# Thread: Elementary question regarding conditional probability and independence

1. ## Elementary question regarding conditional probability and independence

A ball is drawn at random from a box containing 10 balls numbered sequentially from 1 to 10. Let X be the number of the ball selected, let R be the event that X is an even number, let S be the event that $\displaystyle X\geq 6$, and let T be the event that $\displaystyle X\leq 4$. Which of the pairs (R,S), (R,T), and (S,T) are independent?

I can solve this mathematically as such:
$\displaystyle \newline P(R)=0.5\newline P(S)=0.5\newline P(T)=0.4$

$\displaystyle P(R\cap S)=P\{6,8,10\}=0.3\neq P(R)*P(S)=0.25$

$\displaystyle P(R\cap T)=P\{2,4\}=0.2= P(R)*P(T)=0.20$

$\displaystyle P(S\cap T)=P\{\emptyset\}=0\neq P(S)*P(T)=0.20$

So $\displaystyle P(R\cap T)$ is independent.

My question is, intuitively, how is $\displaystyle P(R\cap T)$ independent, but $\displaystyle P(R \cap S)$ not? Maybe I'm not understanding what to events being independent entails.

2. ## Re: Elementary question regarding conditional probability and independence

Hey downthesun01.

Independence intuitively means that if you have information for one event that it doesn't effect the probability for another event.

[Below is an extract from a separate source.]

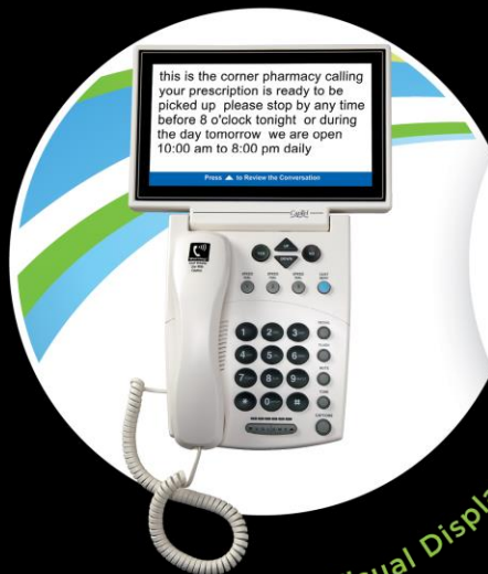
Large Visual Display

Captioned Telephones that fit your lifestyle.

So consider the two events: an even number and a number <= 4. If you know that something is even (2,4) then given that its also <= 4 you don't have any extra advantage of knowing what number it is. If its even then you have an equal chance of picking between 2 and 4 and if its odd again you have an equal chance of picking between 1 and 3.

No matter what the scenario, knowing one event doesn't help in predicting another and this is exactly what independence means intuitively in a probabilistic sense.

If one event did greatly effect the probability then you would get an P(A and B) != P(A)P(B).

The proof for independence is really simple. If B and A are independent then P(A|B) = P(A) and P(B|A) = P(B). Since P(A|B) = P(A and B)/P(B) = P(A) we multiply both sides by P(B) and get P(A|B) = P(A)*P(B) for independent events.